## Supplied material
● ● ● ● ●

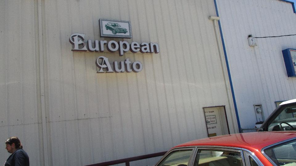 at 4160 ft altitude, followed by 6% downgrade for 5 miles (stay away from the truck escape ramps), watching the temperature gauge drop some. But from here we were in the central valley (think hot). Shortly divert onto CA-99 north heading through Bakersfield (100 miles from nowhere, 10 feet from Hell). Our first programmed stop was European Auto in Visalia, CA. Around mid day the door was locked. Bummer. Make the call, leave a message, and hope for a call back.
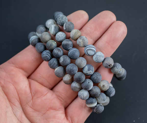 Matte Black Agate Bracelet Round Size 6mm and 8mm Handmade In USA Natural Gemstone Crystal Bracelets - Handmade Jewelry - approx. 7"
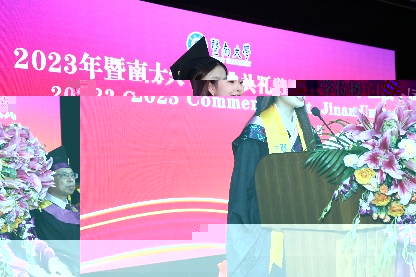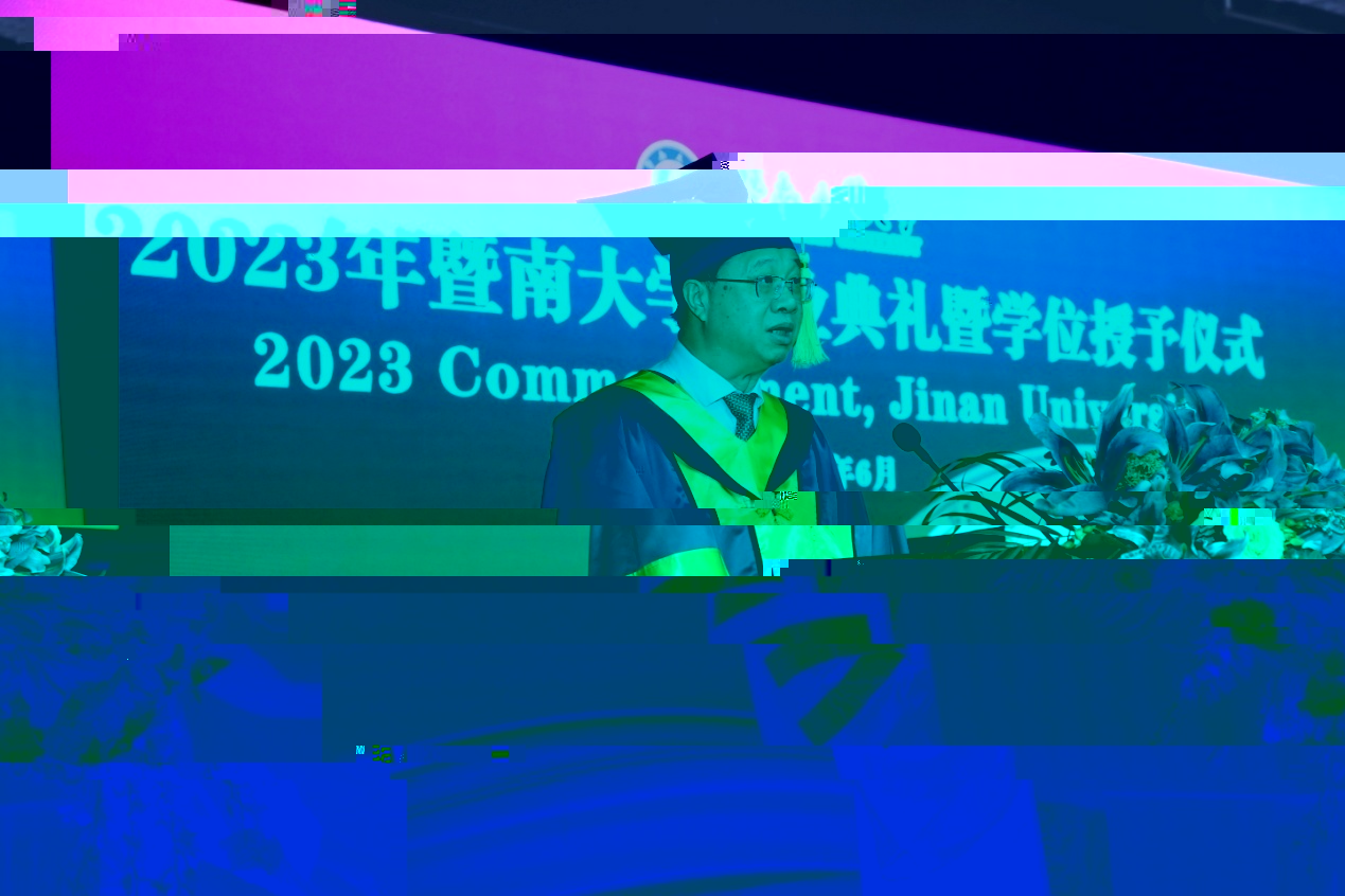 宋獻中向順利完成學業的全體畢業生表示熱烈祝賀。他在緻辭中回望了2023屆畢業生在暨南園的難忘時刻,指出同學們在抗疫中成長,與時代同脈搏,與祖國共奮進、與學校同進步,镌刻出了最美好、最動人、最閃亮、最厚重的青春印記。

● ● ● ● ●

## What is needed
Wherever an image sits in the data, omit it; everything else must be copied exactly.

## Exercise response
 at 4160 ft altitude, followed by 6% downgrade for 5 miles (stay away from the truck escape ramps), watching the temperature gauge drop some. But from here we were in the central valley (think hot). Shortly divert onto CA-99 north heading through Bakersfield (100 miles from nowhere, 10 feet from Hell). Our first programmed stop was European Auto in Visalia, CA. Around mid day the door was locked. Bummer. Make the call, leave a message, and hope for a call back.
 Matte Black Agate Bracelet Round Size 6mm and 8mm Handmade In USA Natural Gemstone Crystal Bracelets - Handmade Jewelry - approx. 7"
 宋獻中向順利完成學業的全體畢業生表示熱烈祝賀。他在緻辭中回望了2023屆畢業生在暨南園的難忘時刻,指出同學們在抗疫中成長,與時代同脈搏,與祖國共奮進、與學校同進步,镌刻出了最美好、最動人、最閃亮、最厚重的青春印記。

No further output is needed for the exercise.